Revolut nomme Béatrice Cossa-Dumurgier, une experte du secteur bancaire, au poste de PDG pour l'Europe occidentale
Le 24 juin 2025, Revolut a nommé Béatrice Cossa-Dumurgier au poste de PDG de son siège social pour l’Europe occidentale, situé à Paris, un mois après avoir annoncé l’implantation de ce siège lors du sommet Choose France.
Qui est Béatrice Cossa-Dumurgier ?
Béatrice Cossa-Dumurgier apporte une combinaison rare d’expérience dans la banque traditionnelle et dans le secteur des technologies :
- BNP Paribas — a occupé les fonctions de directrice des opérations de la banque de détail et de PDG de Personal Investors (la plateforme de courtage en ligne de BNP), ce qui lui a permis d’acquérir une expérience directe du marché français de la banque de détail, cible de Revolut
- BlaBlaCar — poste de cadre supérieur au sein de la licorne française de la mobilité
- Believe — directrice financière de cette entreprise française spécialisée dans les technologies musicales
Sa nomination constituait un signal délibéré : Revolut recrute une experte du secteur bancaire français disposant de relations avec l’ACPR pour diriger son expansion européenne la plus importante.
Priorités du poste
Les principales responsabilités déclarées de Mme Cossa-Dumurgier sont les suivantes :
- Diriger la demande de licence bancaire française de Revolut auprès de l’ACPR et de la BCE
- Développer la présence de Revolut sur six marchés d’Europe occidentale (France, Espagne, Italie, Portugal, Irlande, Allemagne)
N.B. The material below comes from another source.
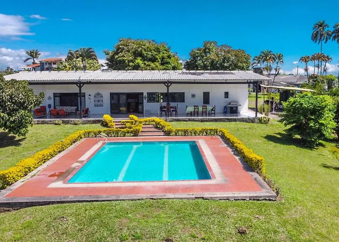 Some of the top landmarks to visit in Pereira include Parque Consota Recreation Center and Iglesia San Miguel Arcangel, which are situated 4.8 and 3.3 km from Finca La Siria villa respectively. Additionally, BioParque Ukumari Animal Park (5 km) is also recommended for a visit.

- Faire passer la base de clients français de 5 millions à un objectif de 10 millions
- Superviser le recrutement de plus de 200 nouveaux collaborateurs basés à Paris sur trois ans
Pourquoi c’est important
La nomination d’une figure du secteur bancaire traditionnel français au poste de PDG régional suggère que Revolut prend très au sérieux sa demande de licence auprès de l’ACPR — naviguer dans la culture réglementaire française nécessite des relations et une crédibilité dont un profil issu de la fintech traditionnelle ne disposerait pas. Cette décision fait écho à l’approche adoptée par Monzo lorsqu’elle a recruté des cadres expérimentés de la CBI avant de déposer sa demande de licence bancaire en Irlande.